* [DIRECTIONS FOR THIS TASK] In the listing below, find the line containing "HopMore 3X Custodie" and the line containing "Montajul este rapid". Repeat exactly those two lines and every line between them, nothing more.

* [RECORD SET]
§
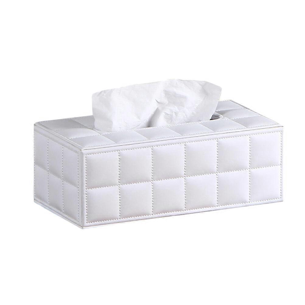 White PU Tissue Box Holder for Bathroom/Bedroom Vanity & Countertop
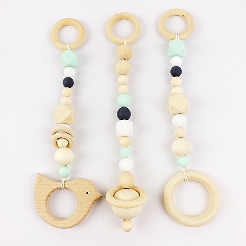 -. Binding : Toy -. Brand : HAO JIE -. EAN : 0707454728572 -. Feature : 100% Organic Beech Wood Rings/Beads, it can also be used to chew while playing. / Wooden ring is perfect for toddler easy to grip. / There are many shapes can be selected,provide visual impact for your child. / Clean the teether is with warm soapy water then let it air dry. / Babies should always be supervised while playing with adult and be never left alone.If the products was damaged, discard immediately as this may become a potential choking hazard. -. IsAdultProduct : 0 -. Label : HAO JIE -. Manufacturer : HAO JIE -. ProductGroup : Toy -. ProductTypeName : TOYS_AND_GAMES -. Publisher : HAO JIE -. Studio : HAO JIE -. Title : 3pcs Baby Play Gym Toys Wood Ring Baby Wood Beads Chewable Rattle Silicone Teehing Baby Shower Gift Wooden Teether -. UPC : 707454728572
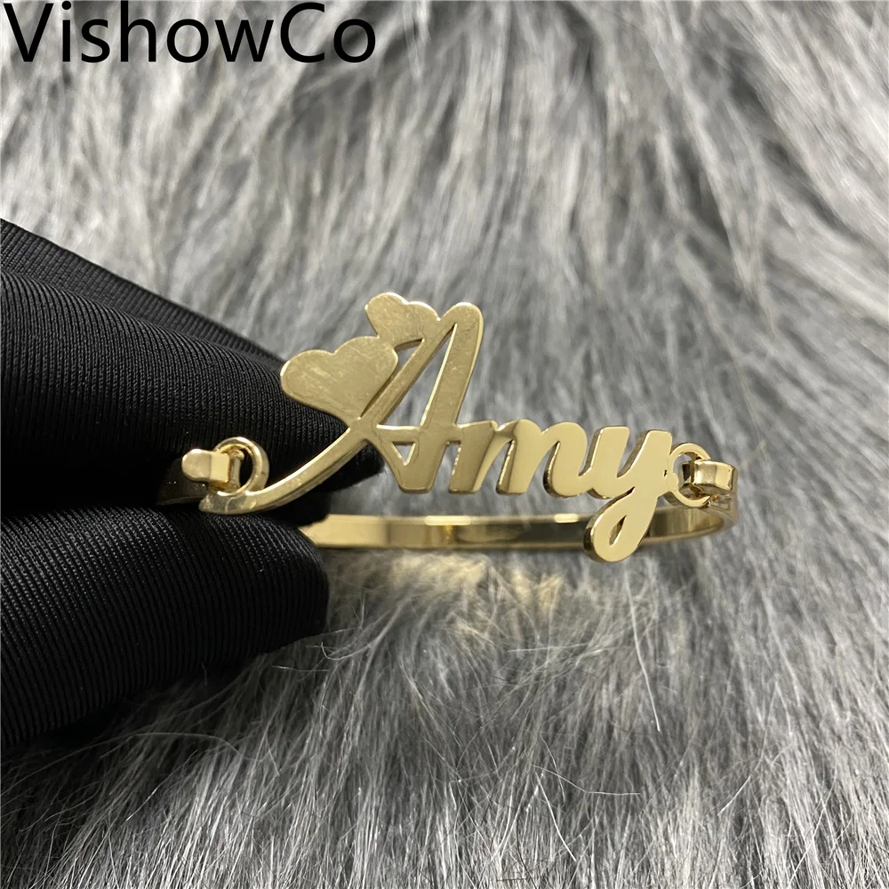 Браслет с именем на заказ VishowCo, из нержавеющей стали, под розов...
§
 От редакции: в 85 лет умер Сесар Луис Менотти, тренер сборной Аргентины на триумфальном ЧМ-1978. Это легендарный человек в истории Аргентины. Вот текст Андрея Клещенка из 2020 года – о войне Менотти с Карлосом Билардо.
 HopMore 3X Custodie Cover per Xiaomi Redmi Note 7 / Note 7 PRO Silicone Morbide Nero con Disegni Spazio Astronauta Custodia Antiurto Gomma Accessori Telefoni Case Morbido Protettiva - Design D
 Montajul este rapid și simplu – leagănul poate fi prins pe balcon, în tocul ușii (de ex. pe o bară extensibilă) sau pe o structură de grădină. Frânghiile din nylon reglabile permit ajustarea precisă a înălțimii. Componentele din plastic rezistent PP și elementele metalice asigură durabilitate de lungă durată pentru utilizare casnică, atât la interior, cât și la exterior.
§
* [YOUR SOLUTION]
 HopMore 3X Custodie Cover per Xiaomi Redmi Note 7 / Note 7 PRO Silicone Morbide Nero con Disegni Spazio Astronauta Custodia Antiurto Gomma Accessori Telefoni Case Morbido Protettiva - Design D
 Montajul este rapid și simplu – leagănul poate fi prins pe balcon, în tocul ușii (de ex. pe o bară extensibilă) sau pe o structură de grădină. Frânghiile din nylon reglabile permit ajustarea precisă a înălțimii. Componentele din plastic rezistent PP și elementele metalice asigură durabilitate de lungă durată pentru utilizare casnică, atât la interior, cât și la exterior.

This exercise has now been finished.